April 9, 2013

Louisville wins 2013 NCAA National Championship in exciting final game

Down 12 points in the first half, and it seemed that America’s number one seeded college basketball team – Louisville – were going to end their magical year in disappointment. But like they had many times before, the Louisville Cardinals, under Coach Rick Pitino, brought themselves all the way back to outclass the Michigan and win the NCAA National Championship Final 82-76 on Monday in Atlanta. Scoring 22 points off the bench, Luke Hancock was named the NCAA Tournament’s Most Outstanding Player, the first substitute to ever win the award.

It was Louisville’s second consecutive double digit deficit and second consecutive win. After Hancock scored 20 points to lead them in a comeback win over Wichita State in the tournament’s semi-final round, he was once again the catalyst in the second half in the Final. Point Guard Peyton Siva added 18 for his side.

Michigan boasted star point guard Trey Burke, who had won several individual honours like the Naismith College Player of the Year Award, the Oscar Robertson Trophy, and the John R. Wooden Award in the lead up to the Final. Although Burke had a limited role in Michigan’s semi-final victory over Syracure, he rose to the challenge in the Final, scoring 24 points to keep his team in contention. Burke was aided by little-used sharpshooter Spike Albrecht, who rose to the occasion in the first half and chipped in 17 points in the game.

Louisville’s Coach Pitino – who was named to the Basketball Hall of Fame on Monday – rounded up a memorable week with this win. He became the first coach to win national titles at two different colleges, with his last one coming with Kentucky back in 1996. Pitino also briefly worked in the NBA with the New York Knicks and the Boston Celtics in the 80s and late 90s before returning to college basketball with Louisville in 2001.

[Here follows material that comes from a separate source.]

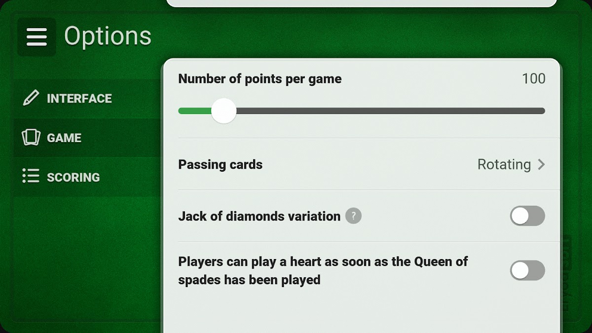 Play the famous game of Hearts against opponents simulated by advanced artificial intelligence.

This was also Louisville’s third ever National Championship victory. The result was even sweeter for the team after they lost guard Kevin Ware to a horrific leg injury in the Elite Eight game against Duke. Pitino was able to instill a true sense of toughness and passion amongst the other players to fight for Ware and celebrate a championship together. Although fourth-seeded Michigan were able to have an impressive offensive start to the game, Louisville returned to their stifling defense to shut off their opponents and end the game as champions.